I would like to implement the sinc(x) = sin(x) / x function in GLSL. This is my first attempt:
float sinc(float x) {
if (abs(x) < 1.0e-5) {
return 1.0;
} else {
return sin(x) / x;
}
}
It seems well, but I would like to avoid branches, so I changed it to:
float sinc(float x) {
return mix(1.0, sin(x) / x, step(1.0e-5, abs(x)));
}
But this expression has a possible division by zero expression. Is it possible to avoid that while keeping the code branch free?
Yes. Your first attempt isn't that far off.
BTW Testing for equality with zero is marginally faster and works OK for true zero which is the only value that causes trouble for computing the division.
Sinc is an even function so that defining it for positive only values of x and avoiding exactly zero is sufficient.

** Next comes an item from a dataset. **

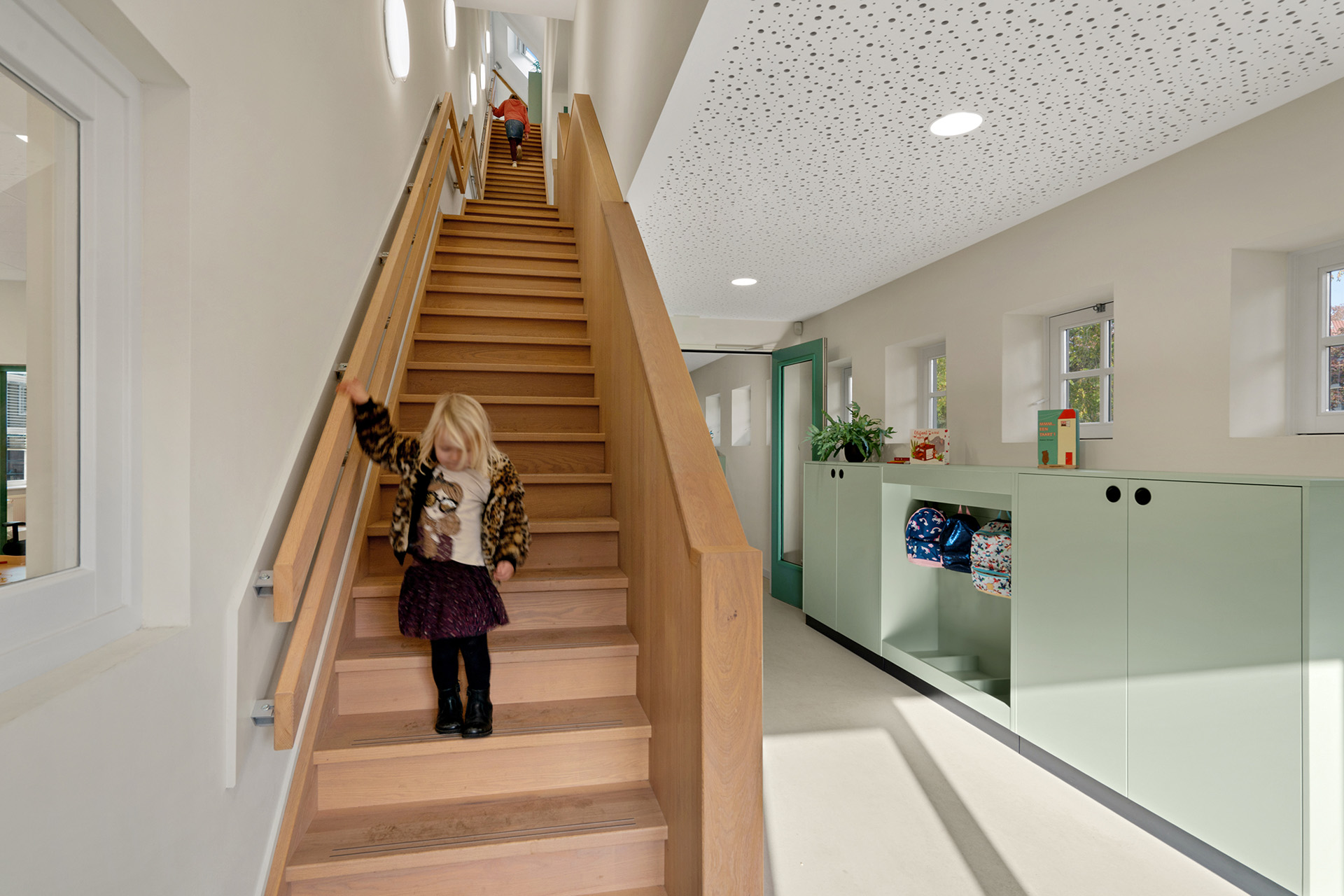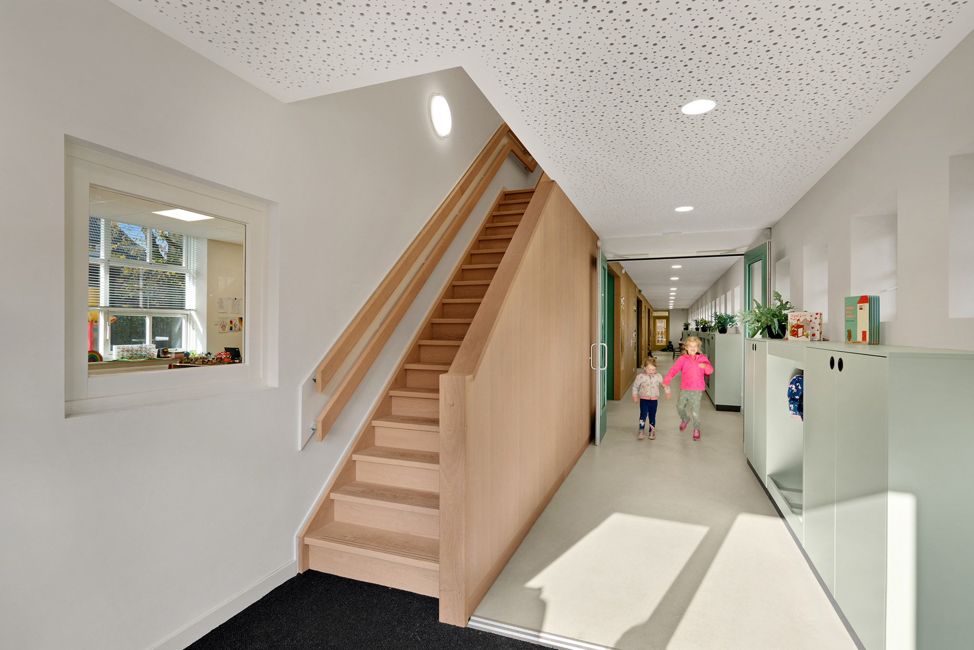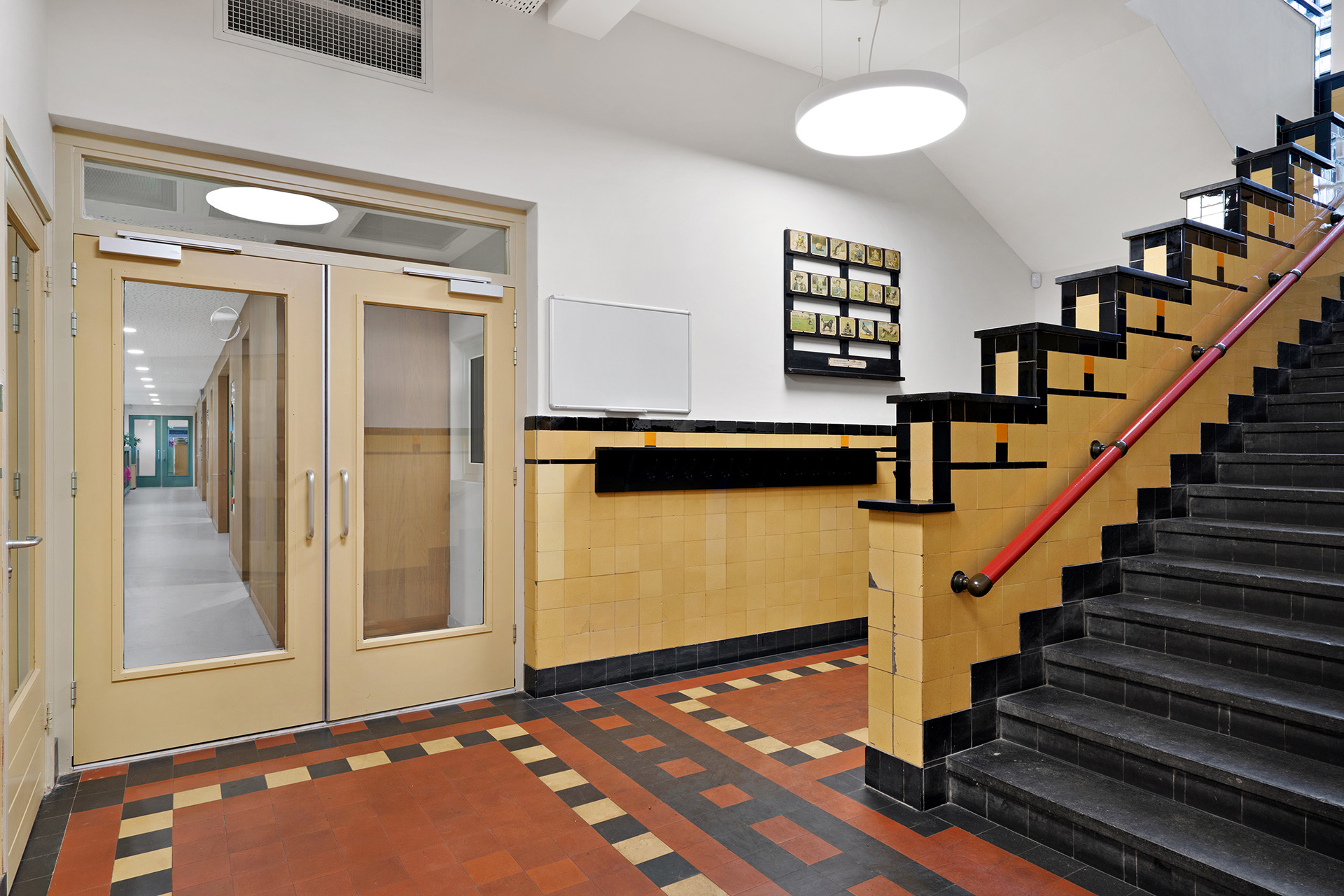 Met oog voor detail en kennis van de monumentale onderdelen hebben wij een ontwerp gemaakt waarbij delen van het centrale trappenhuis kunnen worden ingezet voor onderwijs. De opgesplitste en versleten trap is vervangen door een prachtige nieuwe eikenhouten trap. Op een zelfde wijze is ook de vluchttrap anders geplaatst. Door deze trappen slimmer te plaatsen kon de ruimte die eerder verloren ging nu gebruikt worden. Daarnaast zijn de gangen lichter gemaakt door de toiletgroepen te verplaatsen, waardoor ook de gangzones kunnen worden ingezet om in groepjes te werken.

It is well behaved for any small non-zero x.
Although you might want to check that it is actually faster done this way.
float sinc(float x) {
x = abs(x)+1e-14; // add a tiny amount to avoid divide by zero
return sin(x) / x;
}
Does what you have asked for at float precision. You will also need to check in the disassembly that the implementation of abs(x) isn't hiding a conditional branch.

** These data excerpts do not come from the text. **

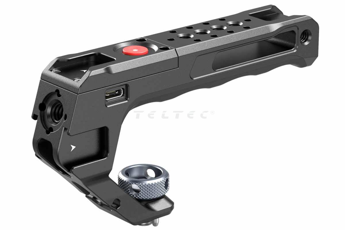 Das SmallRig 4927 Top Handle mit Rec Trigger (ARRI-Positionierungsschraube) ist ein Top-Handgriff, der mittels ARRI-Positionierschraube am Kamerakäfig befestigt wird und mittels integrierter Aufnahmetaste eine Aufzeichnung direkt starten kann. Im Lieferumfang sind verschiedene Steuerkabel enthalten, um ausgewählte Kameras von Sony, Canon, Fujifilm oder Panasonic) anzuschließen. Der Silikongriff bietet mehrere Befestigungsmöglichkeiten zu denen 3x Blitzschuhaufnahmen, 1/4"-20- und 3/8"-16-Gewindebohrungen zählen.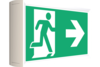 Box-shaped plastic emergency exit sign luminaire for universal mounting. Suited to inscription on one or two sides.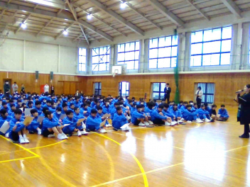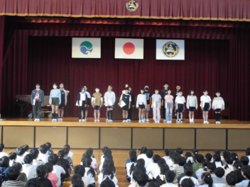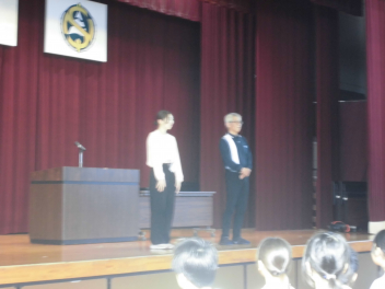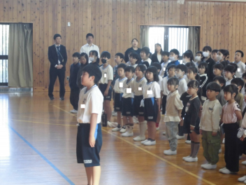 朝会の最後には、本校に新しく来られた2名の先生の紹介が行われました。新しい先生方の挨拶に、子供たちからは温かな拍手が送られ、会場は和やかな雰囲気に包まれました。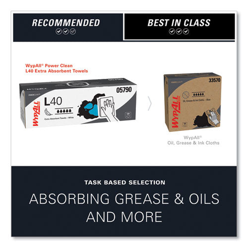 Regardless of your task, industry or budget, our WypAll® wipes, towels and cloths are designed to give you the durability, absorbency and versatility of a laundered cloth with the cost efficiency and hygiene of a disposable. Trust the WypAll* Brand, the one that sets the standard for excellence in wipers. WypAll* L40 Towels are effective wipers that absorb liquids lightning-fast. These towels are made of bonded cellulose using DRC (double re-creped) technology for strength, softness and absorbency. As a wiping towel, it soaks up liquids fast, but all you'll feel is softness, thanks to a plush, touchable outer layer. In fact, it's a popular choice for patient wiping in healthcare industries, for bathing and patient drying. These utility towels are specially designed to absorb liquids, lubricants and oils (in restaurants for wiping counters, in mechanic shops, industrial and commercial factories and more), yet they're soft enough for use on face and hands. Experience the difference in superior absorbency and cleaning at your home or office today! As we look towards the future, Kimberly-Clark Professional is committed to providing a wide collection of essential products and services that help make your workplace exceptional. Our dedication to innovation has helped businesses confidently navigate change and empowered people at work for nearly 150 years and we are committed to do so for years to come.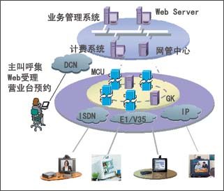 運(yùn)營支撐層與視訊交換層可以兼容各個視訊終端生產(chǎn)廠家提供的滿足標(biāo)準(zhǔn)的終端,在視訊實(shí)現(xiàn)層為電信運(yùn)營商的客戶提供多種方便的預(yù)約手段,并推出“主叫呼集”功能,使用戶能夠方便地自主召集各種視訊業(yè)務(wù)。“一卡多號”方便用戶付費(fèi)、使用;全面的級連MCU主席控制能力使用戶能靈活操縱視訊業(yè)務(wù)的進(jìn)行。“主叫呼集”、“一卡多號”等功能的提供,使復(fù)雜的視訊業(yè)務(wù)真正成為電信運(yùn)營商滿足大客戶、適應(yīng)電信市場發(fā)展的“傻瓜化”業(yè)務(wù)。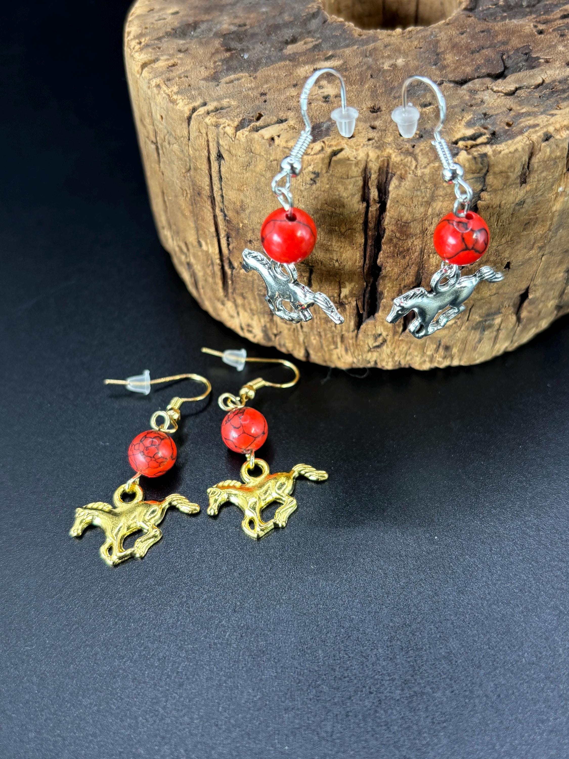 Every 60 years the Fire horse returns. Celebrate the Chinese New year that is predicting a year of transformation with these Horse charm earrings. One on gold filled ear wires and one is sterling silver ear wires.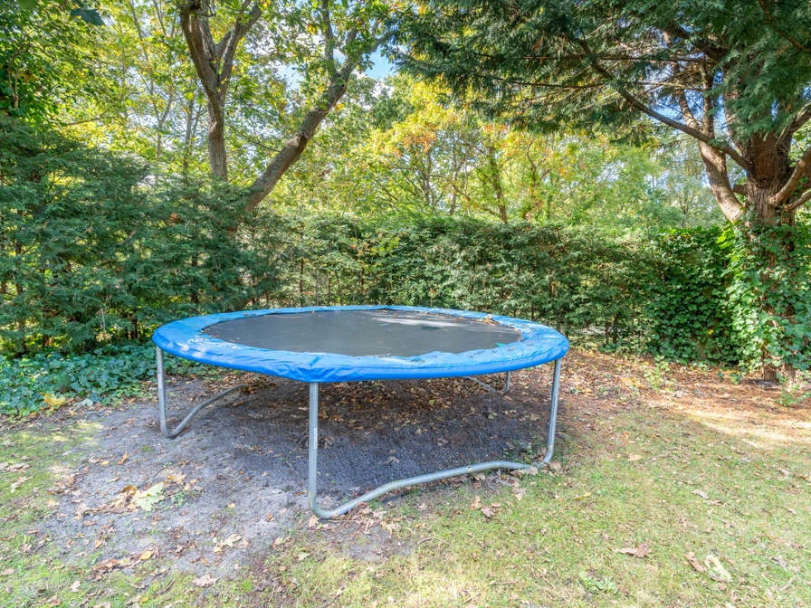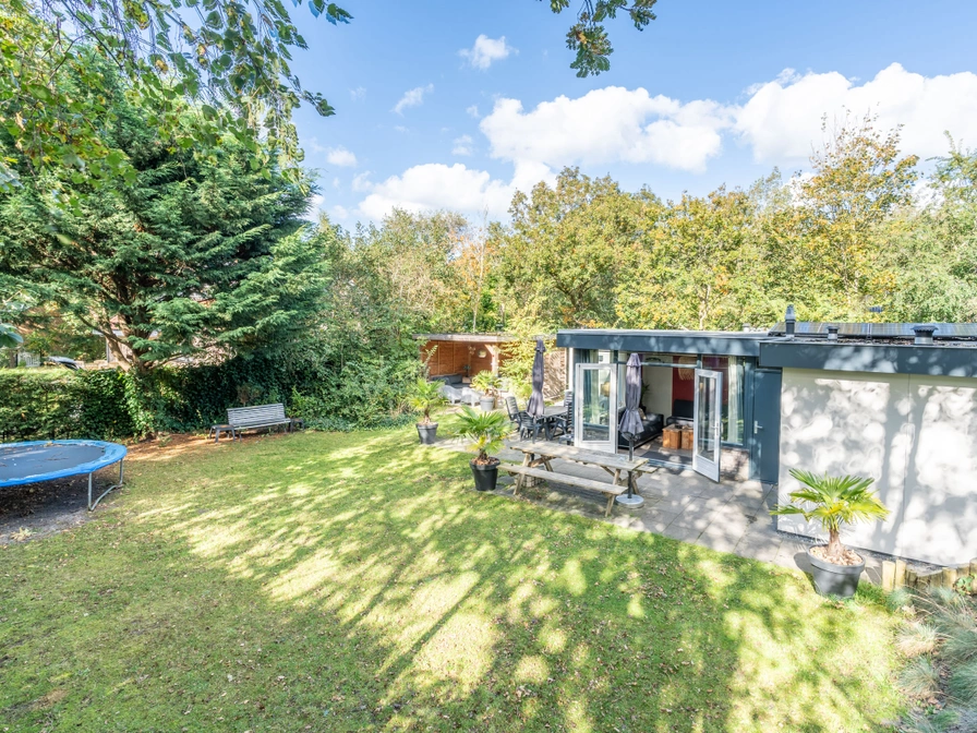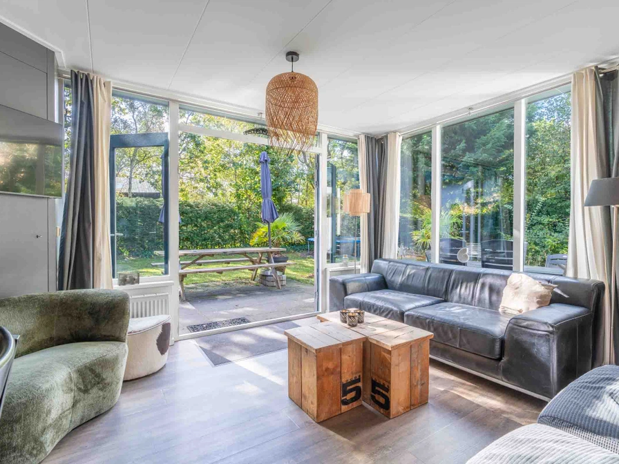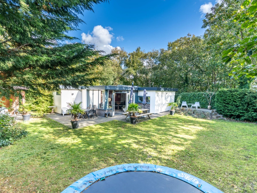 Entree, ruime woonkamer met een zithoek met tv en een eethoek met eettafel voor 6 personen. Door de grote raampartijen staat de woonkamer in directe verbinding met de ruime tuin. De nette open keuken is van alle gemakken voorzien zoals een koelvries combinatie, oven, magnetron, vaatwasser en verschillende koffiezetapparaten. Er zijn 4 slaapkamers aanwezig, waarvan 2 slaapkamers voorzien zijn van 2 eenpersoons bedden en een wastafel en 2 slaapkamers voorzien zijn van een tweepersoons boxspring bed en een wastafel. Er zijn 2 nette badkamers aanwezig, één is voorzien van een ligbad met de mogelijkheid om in het bad te douchen, een toilet en een wastafel. De andere badkamer heeft van een inloopdouche met rainshower, toilet en een wastafel. Via openslaande deuren staat de woonkamer in de directe verbinding met de ruime tuin welke op het zuiden gelegen is en volledig wordt omringd door bomen. Er zijn verschillende zithoeken zoals een loungehoek met loungebank waar je heerlijk van het buitenleven kunt genieten. Voor volop speel plezier is er een trampoline en een badminton ruimte aanwezig. De tuin is volledig omheind en tuinmeubilair en parasol zijn aanwezig.

This adding a small constant trick is safe because for any reasonable value of x, 10^-14 is too small to alter the answer. And for very small x we can look at the polynomial expansion of sin(x)/x
sinc(x) = 1 - x^2/6
Once x^2/6 < machine_eps then sinc(x)==1 or sin(x) == x if you prefer.
For single precision this lower limit is at about x= 0.002 and for double precision it is around 2e-8. 10^-30 is a reasonable choice of fixup for double precision.

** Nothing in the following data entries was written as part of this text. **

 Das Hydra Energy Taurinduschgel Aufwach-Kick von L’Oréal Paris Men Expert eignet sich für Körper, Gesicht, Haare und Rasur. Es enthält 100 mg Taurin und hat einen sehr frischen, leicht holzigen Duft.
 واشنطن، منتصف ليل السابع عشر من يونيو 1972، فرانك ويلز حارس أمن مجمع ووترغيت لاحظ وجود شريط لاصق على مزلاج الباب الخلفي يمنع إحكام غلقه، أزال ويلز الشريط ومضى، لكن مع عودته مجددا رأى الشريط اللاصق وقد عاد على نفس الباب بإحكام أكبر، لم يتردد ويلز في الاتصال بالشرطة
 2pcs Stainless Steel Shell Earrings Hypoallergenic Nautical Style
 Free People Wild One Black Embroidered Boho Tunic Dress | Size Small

Depending on exactly what you are using it for and the range of x a lookup table might be faster still. Evaluating the function sin(x) is really quite slow and divisions have high latency too. I'd be surprised if you could measure the effect of the conditional branch here (especially if it is only taken when x==0.0). Better interpolating functions are available depending on what it is you want to do...